[RECORDED DATA Boundary: Start]

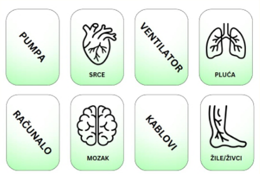 Djeca uparuju organe s tehničkim uređajima (npr. srce – pumpa), učeći funkcije i sličnosti. - Stroj koji nas pokreće
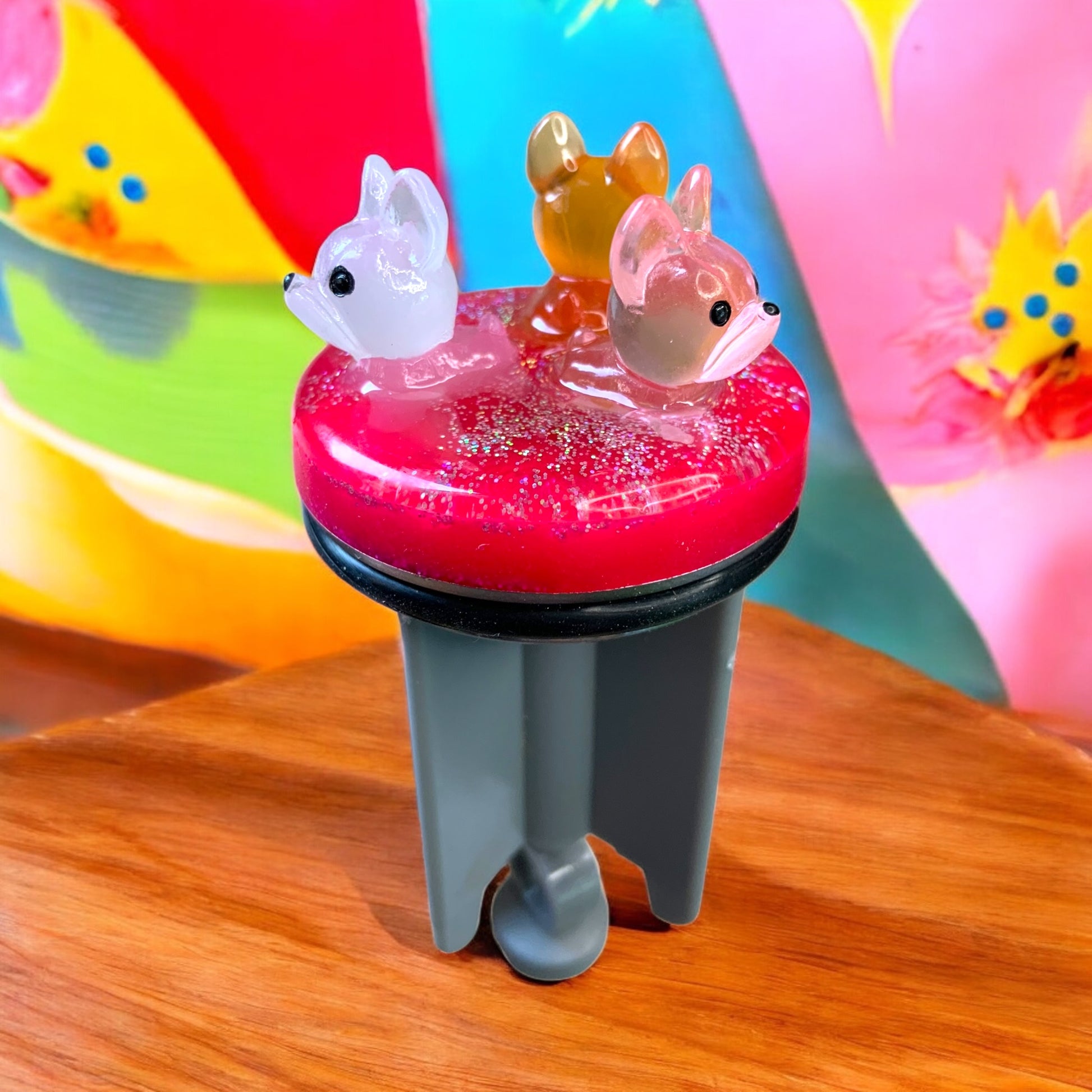 Dieser Waschbeckenstöpsel bringt dir gleich drei zuckersüße French Bulldogs in Pink, Orange und Weiß – jede einzelne ein glänzendes Mini-Kunstwerk.
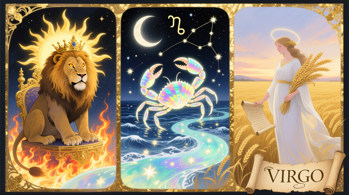 Сегодня мы погрузимся в глубины водного Рака, поднимемся к солнечному трону Льва и спустимся в упорядоченные поля Девы, чтобы понять магию этого летнего трио.

[RECORDED DATA Boundary: End]

* ACTIVITY *
Would you give the data above again word for word, minus the pictures?

* EXERCISE RESPONSE *
 Djeca uparuju organe s tehničkim uređajima (npr. srce – pumpa), učeći funkcije i sličnosti. - Stroj koji nas pokreće
 Dieser Waschbeckenstöpsel bringt dir gleich drei zuckersüße French Bulldogs in Pink, Orange und Weiß – jede einzelne ein glänzendes Mini-Kunstwerk.
 Сегодня мы погрузимся в глубины водного Рака, поднимемся к солнечному трону Льва и спустимся в упорядоченные поля Девы, чтобы понять магию этого летнего трио.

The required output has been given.